Arguments in marriage are going to happen. There is no way around it. The problem with arguing is that neither party really gets what they want. The verbal attacks go back and forth until one person cannot take any more of it and gives up. What is left are hurt feelings from the verbal abuse that both parties used as weapons. When people get into arguments their emotions run wild and many times there is no control in what is being said or felt at the time. Many couples will say to their partner, “You are not listening to me!”

The fact is that neither of them is listening because it’s almost impossible to really listen when your adrenaline is racing and your mind is finding ways to retaliate to what your partner is saying. Arguments leave couples bitter, resentful and unsatisfied. This leads to feeling unfulfilled in the relationship. When you have an argument that does not end in a resolution but surrender from either party, the problem still exists. The argument did not accomplish anything except add more fuel to the fire.
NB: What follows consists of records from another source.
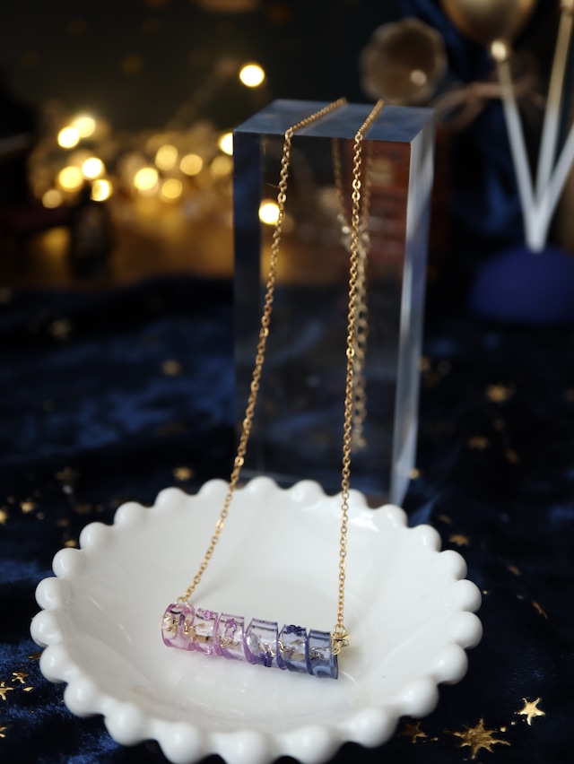 熱でくるりと曲げたアクリルを、幻想的なグラデーションに染め上げ、空中でほどけるシルクのしなやかな動きを表現しています。
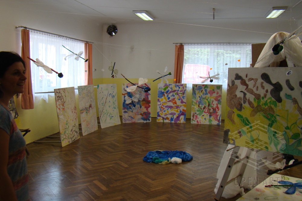 Výtvarná dílna byla v sobotu 13.7. zakončena vernisáží v roškopovském kulturním domě; pro děti byla ale vrcholem týdne čtvrteční noční hra, ve které se vydaly po stopách tajemné stonožky, kterou měly za úkol vypátrat a … obout : ) Obutá stonožka pak byla součástí sobotní výstavy : )
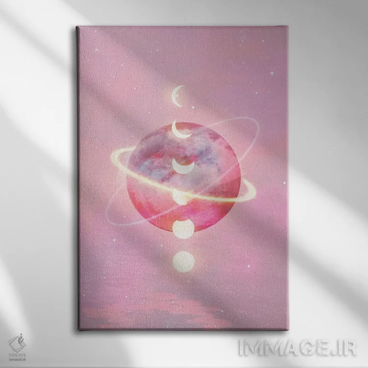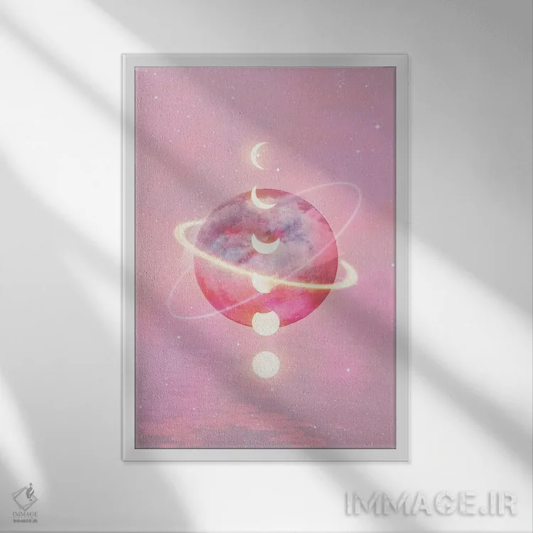 تابلو مدرن ماه و سیاره صورتی اثر امانوئلا کاراتونی
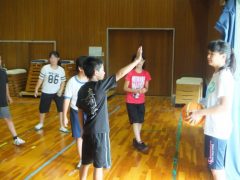 バスケットクラブと陸上クラブの練習風景
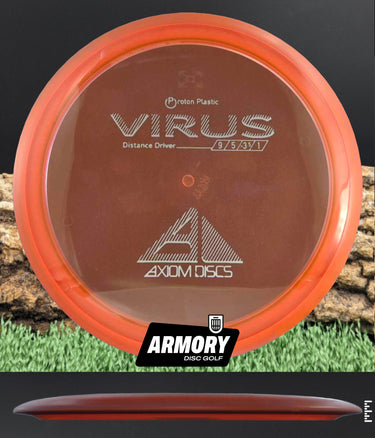 The Virus is Axiom’s easiest to throw distance driver, with a glide and responsive understability that keeps it in the air. Power throwers will be able to flex huge turnover shots with straight forward fade. Average throwers will be able to extend and shape lines using the Virus’ turn and gentle fade. Compared to the MVP lineup, the Virus resembles a worn-in Impulse.
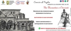 Sabato 22 Giugno, a Canosa di Puglia(BT), scoprirete gli affascinanti misteri del Principe d’Antiochia ed i suoi legami con la città ed in particolare con il Santo Sabino, partecipando alla passeggiata archeologica. Alle ore 19.00, avrà luogo il tour “Canosa Tardo Antica e Medievale-sul cammino del Principe Marco Boemondo d’Altavilla”, organizzato dalla Fondazione Archeologica Canosina e dalla Tango Renato-servizi per l’archeologia e il turismo, e rientrante nel calendario eventi dell’”Estate Canosina 2019”del Comune di Canosa di Puglia.
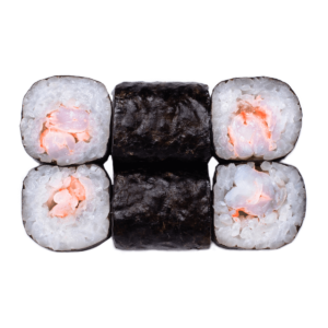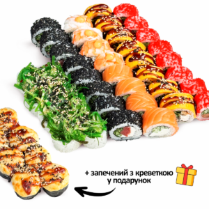 275 гСклад: васабі, імбир, креветка, крем-сир, кунжут микс, лосось копчений, норі, рис, соєвий соус, соус унагі, тобіко чорна
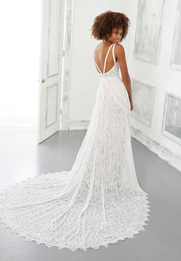 Boho A-line has intricate allover lace with braided lace trim to accentuate your figure and delicate scalloped hemline.
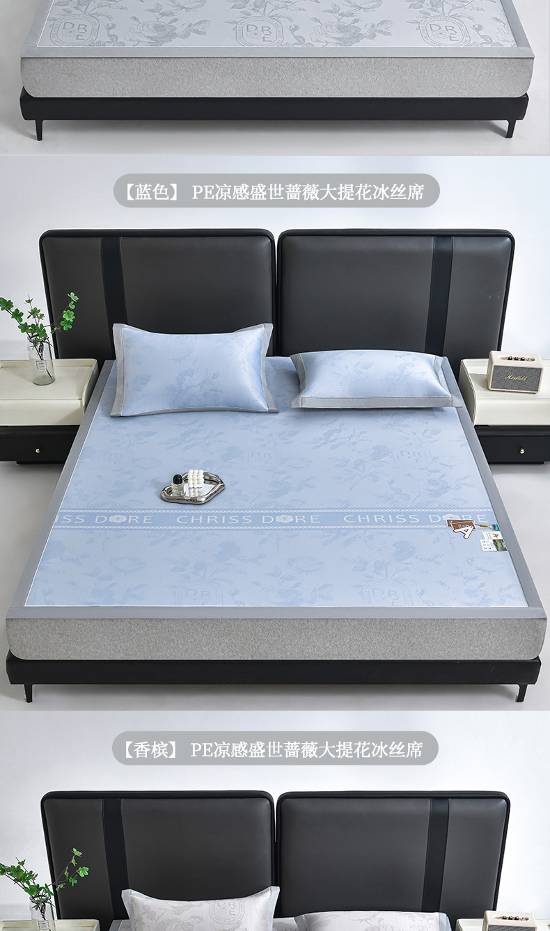 (总)小牛席业 2026春夏新款【实拍风格】PE凉感小碎花提花冰丝席,灰色,粉色,蓝色,抹茶,香槟

In conflict resolution, it is important for the person who initiates the conflict to speak calmly and unthreatening to their partner. Using “I” statements works well when bringing up a conflict. Statements such as, “I feel unappreciated because I am always picking up clothes from the floor, I would like it if we could place them in the laundry basket” rather than saying, “You always leave all of your clothes on the living room floor and I always have to pick it up, can you just put them where they belong?”. As you can see, the latter statement clearly is an attack statement. As soon as, “You” is placed in a statement which could result in a conflict the other person begins to become defensive. When you approach with an “I” statement, the person doesn’t feel as threatened and is able think clearly enough to agree. Marriage is about give and take and couples are not always going to get along.

The key is to understand that partners have needs and sometimes those needs are not going to coincide. Sometimes it is going to come down to figuring out what each partner can do for each other to make each person feel that they have resolved whatever feelings they are experiencing at the time.

It’s important to try and talk about situations before they get out of hand. Many couples will hold things that make them upset so that they don’t have to get into an argument but the problem is that it makes it worse when they do bring something up later on. Not only do the couples begin to argue about the immediate problem but the things that made them angry weeks ago. So remember to communicate in your marriage and bring up problems as they arise. You will both be happier in your marriage and your life.